Next, in the sub-lumen tube arranging step, as shown in FIG. 13, a sub-lumen tube 40 that defines a sub-lumen 42 having a smaller diameter than the main lumen 20 is arranged outside the first marker 14 and the second marker 16.
The sub-lumen tube 40 is formed in advance around the sub-core wire 44. The sub-core wire 44 is a wire having a circular cross section that defines the sub-lumen 42. The material of the sub core wire 44 is not particularly limited, but the same kind of stainless steel as that of the main core wire 22 can be used. The sub-core wire 44 has a smaller diameter than the main core wire 22. The thickness of the sublumen tube 40 is preferably thinner than the inner layer 24. When the sub-lumen tube 40 is made of a fluorine-based polymer such as polytetrafluoroethylene (PTFE), the sub-core wire 44 is dipped in a coating liquid in which the polymer is dispersed in a solvent and then dried. .

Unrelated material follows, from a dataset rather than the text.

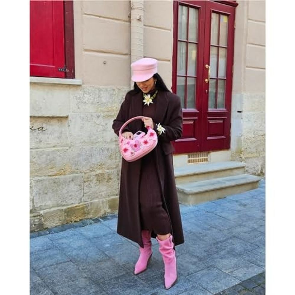 The pink rosette appliqué mini dress is pure TikTok femininity in motion. With a corset-style fit and dramatic floral details, it combines romantic drama with a modern silhouette. Picture yourself twirling in slow-motion under string lights — it’s that kind of vibe.
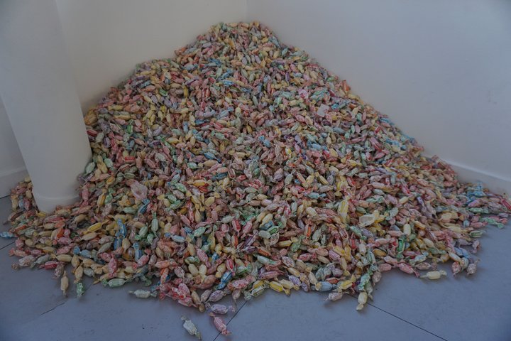 La scénographie et le propos, inspirant diverses méditations subversives, remuent, malaxent, fermentent diverses conceptions de transmigrations corporelles entre les êtres. Au-delà d’être un corps, d’avoir un corps à soi, comment s’articule-t-il à d’autres, comment se construit-il avec d’autres, comment participe-t-il à la vie d’autres corps ? C’est calmement, presque sans en avoir l’air, par infusion dans l’atmosphère, que l’on chemine dans ce qu’articule le titre de l’exposition. « Ceci est mon corps » rappelle le cannibalisme christique qui structure l’héritage culturel judéo-chrétien et que détourne Felix Gonzalez-Torres dans « Untitled (Ross) », un tas de bonbons du poids de son amant mort du sida, et que chaque visiteur·euse peut prendre, déballer, mettre en bouche, sucer, faire disparaître en lui·elle. Communier. « My Body Is Your Body » renvoie aux recherches singulières d’Ernesto de Sousa et suggère plus largement, en même temps que le rejet de la transcendance religieuse, une démocratisation de ce que sont les corps comme source identitaire. Ils sont tous au même niveau, tous faits de la même matière, tous égaux. Enfin, « My Body Is The Body of The Word », selon une expression de la poétesse Tomaso Binga, libère le corps et les consciences que nous en avons de tous les conditionnements, le place au niveau du langage, labile et mobile comme lui, et ouvre à toutes les expériences éclatées de la modernité, jusqu’aux confins de cette question de Donna Haraway, citée par la commissaire : « Pourquoi nos corps devraient-ils s’arrêter à la frontière de la peau ? »

  In addition, the sub-lumen tube 40 is drawn into a tube shape so that the inner diameter of the sub-lumen tube 40 is larger than the outer diameter of the sub-core wire 44, and this is then coated around the sub-core wire 44 to create a cored tube. May be.

Next, as shown in FIG. 14, in the co-winding step, the wire reinforcing layer 30, the first marker 14, the second marker 16, and the sub-lumen tube 40 are co-wound by the holding wire 70.
Due to the load applied by the winding of the holding wire 70, the sub-lumen tube 40 is brought into close contact with the outer peripheral surface of the inner layer 24 so as to touch at least some of the edges of the plurality of concave grooves 24a.
In this manufacturing method, the arrangement of the sublumen tube 40 on the first marker 14 and the second marker 16 is performed before the co-winding by the holding wire 70. However, the present invention is not limited to this, and the arrangement of the sub-lumen tube 40 and the co-winding by the holding wire 70 may be performed simultaneously.

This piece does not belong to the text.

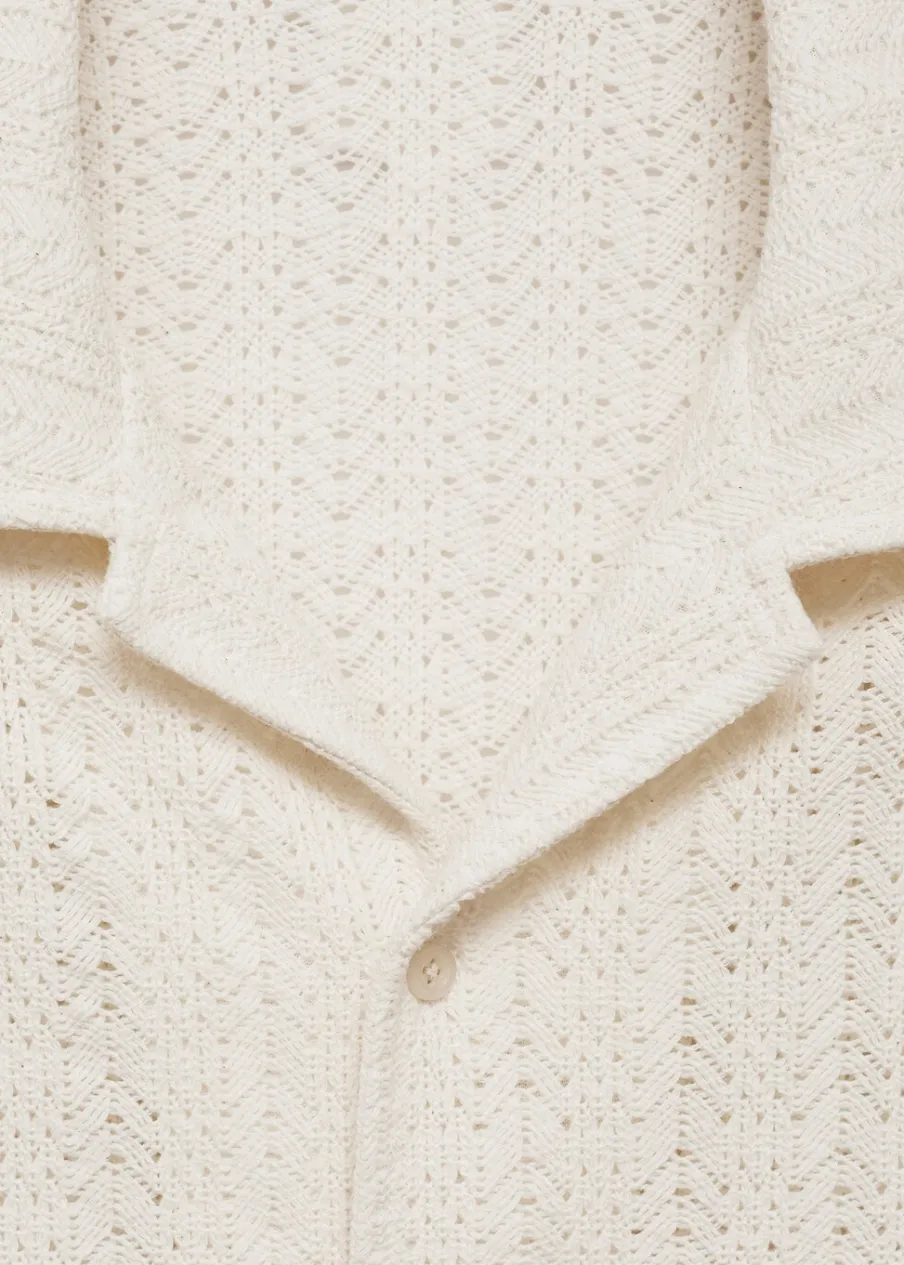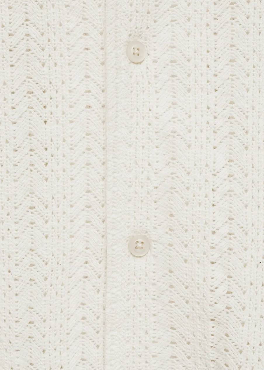 OpisTkanina mieszanka bawełny. Ażurowa dzianina. Kołnierzyk typu bowling. Zapięcie z przodu na guziki. Krótki ręka…

  Next, as shown in FIG. 15, an outer layer 50 is formed around the inner layer 24, the wire reinforcing layer 30, the first marker 14, the second marker 16, the sub-core wire 44 and the sub-lumen tube 40. The outer layer 50 may be formed by coating extrusion in which a molten resin material is applied to the surface of the structure. Alternatively, a resin ring or resin tube formed in an annular shape or a tubular shape in advance may be attached around the structure, and then heat-formed using a heat-shrinkable tube or the like.

  Next, in the operation line insertion step shown in FIG. 16, first, the tip portion of the outer layer 50 at the distal portion DE of the tubular body 10 is removed. Then, the sub core wire 44 is stretched to be reduced in diameter and peeled from the sub-lumen tube 40, and the sub-core wire 44 having a reduced diameter is removed from the sub-bloom tube 40. Thus, the sub-lumen 42 is formed in the sub-lumen tube 40, and the operation line 60 is movably inserted into the sub-lumen 42.

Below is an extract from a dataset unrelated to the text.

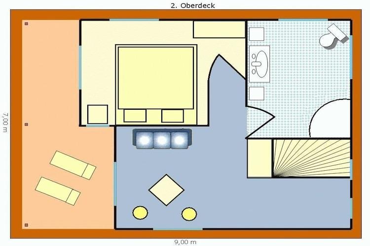 Stueetage: (åbent køkken(kogeplade(Komfur med fire kogeplader, glaskeramisk), elkedel, brødrister, emhætte, kaffemaskine, ovn, mikrobølgeovn, opvaskemaskine , køleskab), stue / spisestue(Fjernsyn(fladskærm, parabol), spisebord, sofahjørne, radio, CD-afspiller), toilet(håndvask, toilet)) På 1. etage: (soveværelse(dobbeltseng), svalegang soveværelse(dobbeltseng), badeværelse(bruser, håndvask, toilet, føntørrer)) tørretumbler(deles med andre gæster, betalt), sauna(deles med andre gæster, betalt), vaskemaskine(deles med andre gæster, betalt), balkon, varme, terrasse(overdækket), havemøbler, solstole, Håndklæder/sengelinned (inkl.),

  In the operation line connection step, the tip of the operation line 60 is connected to the outer peripheral portion of the first marker 14. The operation line 60 is connected to the first marker 14 using solder bonding. The formation of the removed portion 50a of the outer layer 50 in the distal portion DE described above is performed in order to expose the outer peripheral portion of the first marker 14 to the outside in order to perform this soldering.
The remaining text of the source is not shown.